Along with LangChain for implementation, this project uses Hydra for configuration management and Weights and Biases for experiment tracking.
While numbers tell the same story, the difference is best seen through examples. Note the quality and factuality difference across the Mistral 7B model off-the-shelf, with fine-tuning, and with fine-tuning and retrieved context.

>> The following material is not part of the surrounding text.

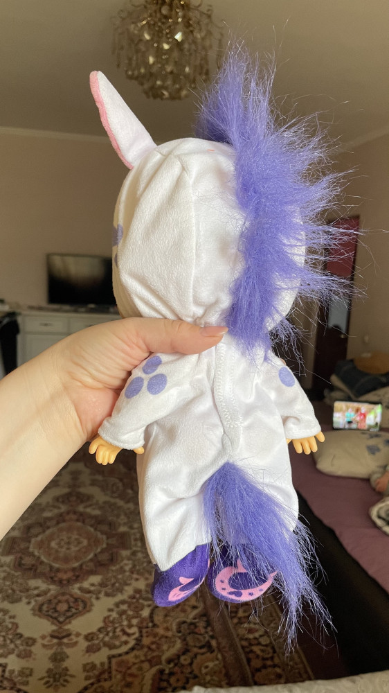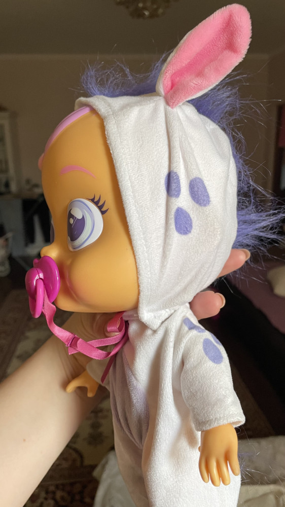 Ее заказали по хорошей скидке, удобно то что кукла кажется из первых партий, так как волосы не настоящие (оно и удобно, ребенок не рвёт ей волосы😄), и в комбинезоне) можно раздеть постирать одежду, можно залить водой отсек, и слезы будут идти когда лялька без пустышки во рту:) после этой покупки мы взяли Дотти, тоже оставила отзыв, там уже волосы, одежда полноценная (не пижама), ооочень добротно смотрится, боялась за волосы, но ничего, длина и сама прическа оказались вполне приемлемы) советую к покупке 100%🫶

Mistral - No Finetune | Mistral - Finetuned | Mistral - RAG |
---|---|---|
Question: Where is the NNOC House located? Answer: The NNOC House is located in the heart of the city, on a busy street. It is a three-story building with a large front door and a small side entrance. The building is made of brick and has a red roof. The windows are small and the walls are white. The building is surrounded by a small garden. |
Question: Where is the NNOC House located? Answer: The NNOC House is located in Pittsburgh, Pennsylvania. |
Question: Where is the NNOC House located? Answer: 7101 Apple Street at Pittsburgh, PA. |
Question: What is the theme of Tim Pearce's jokes? Answer: The theme of Tim Pearce's jokes is that he is a very funny person. |
Question: What is the theme of Tim Pearce's jokes? Answer: His jokes are about his life and experiences. |
Question: What is the theme of Tim Pearce's jokes? Answer: They are primarily snail-related jokes. |
Reranking of retrieved documents using a cross-encoder model as well as query rewording using HyDE lead to significant performance gains. All results reported with k = 5.
The x-axis label corresponds to dense k - sparse k - reranking k. The first two sets of bars show that dense retrieval significantly beats sparse entity-based retrieval. Sets 2 and 3 show the benefit of using a larger k for dense retrieval – even if the mean reciprocal rank (MRR) goes down, the overall recall rate improves. Finally, sets 3, 4, and 5 show that the recall rate improves by using larger k’s for reranking, without hurting the MRR.
Mistral 7B performs the best on our test set according to the SQuAD exact match metric, which Gemma 2B performs better according to the SQuAD F1 metric, hence the star. The fine-tuned models perform significantly better than off-the-shelf models (which manage to get a 0 on the exact match metric).